▶ Work required:
Reproduce the whole listing word for word. Leave every image out.

▶ Recorded data:
☆ ☆ ☆ ☆ ☆ ☆ ☆
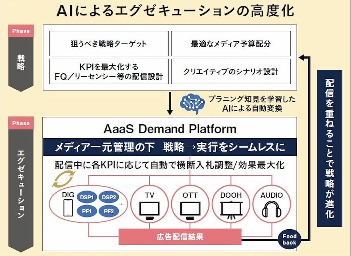 「AaaS Demand Platform」はAIを活用し、策定した広告戦略をシームレスに媒体横断で再現し広告配信を最適化・実行するエグゼキューションプラットフォーム。広告配信結果を戦略やADPに戻すことで、戦略立案・実行を繰り返し学習し進化していく。
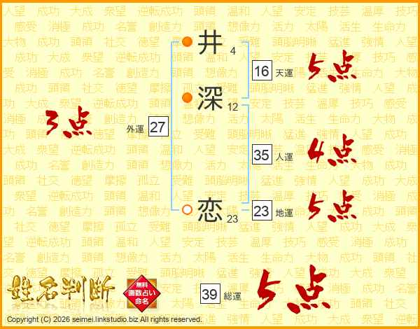 あなたの人生を表す1番重要な運勢です。生涯を通じて影響する総合運となり、主に50歳以降の晩年期に影響を及ぼします。苗字と名前の合計画数。
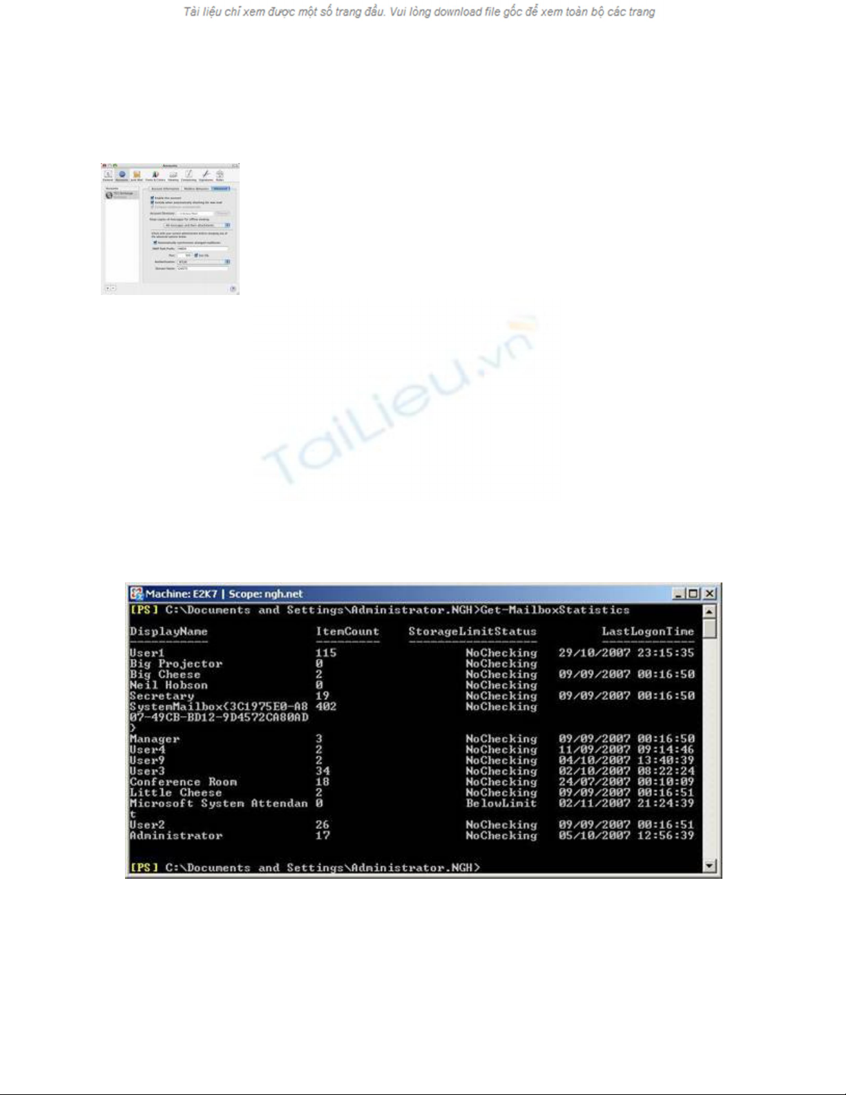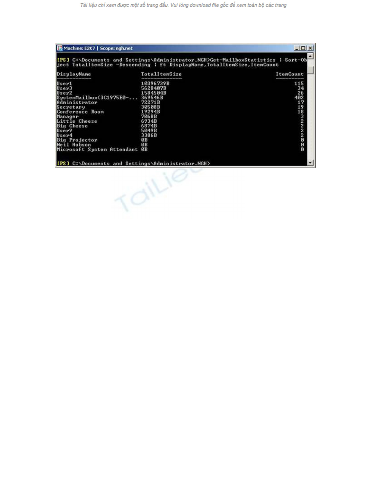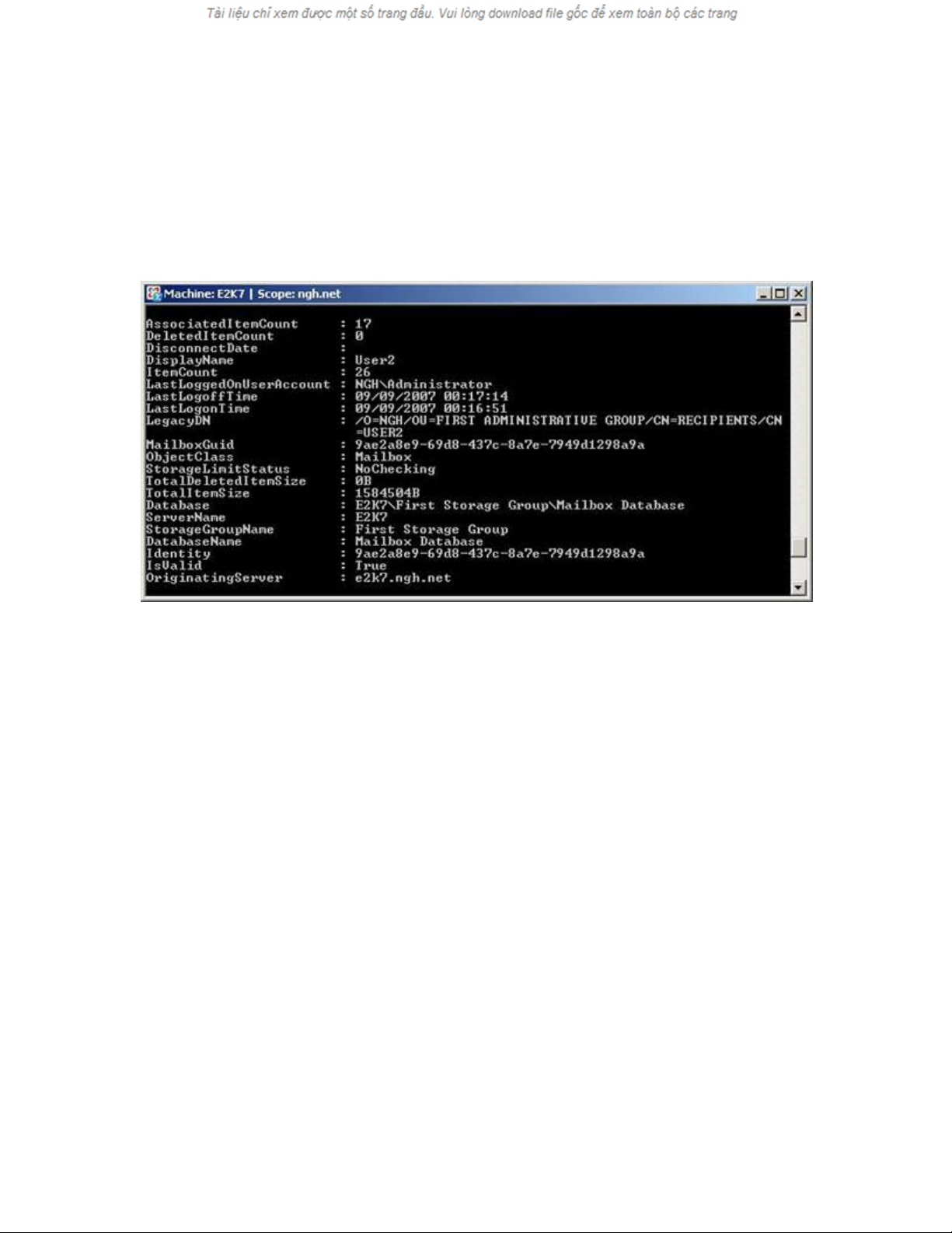 Cmdlet cơ bản nhất của Exchange Management Shell để sử dụng là Get-MailboxStatistics trên
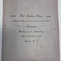 - The Ladies Store Greer, S.C Opening Invitation, March 29-30, 1906
☆ ☆ ☆ ☆ ☆ ☆ ☆
▶ Written answer:
 「AaaS Demand Platform」はAIを活用し、策定した広告戦略をシームレスに媒体横断で再現し広告配信を最適化・実行するエグゼキューションプラットフォーム。広告配信結果を戦略やADPに戻すことで、戦略立案・実行を繰り返し学習し進化していく。
 あなたの人生を表す1番重要な運勢です。生涯を通じて影響する総合運となり、主に50歳以降の晩年期に影響を及ぼします。苗字と名前の合計画数。
 Cmdlet cơ bản nhất của Exchange Management Shell để sử dụng là Get-MailboxStatistics trên
 - The Ladies Store Greer, S.C Opening Invitation, March 29-30, 1906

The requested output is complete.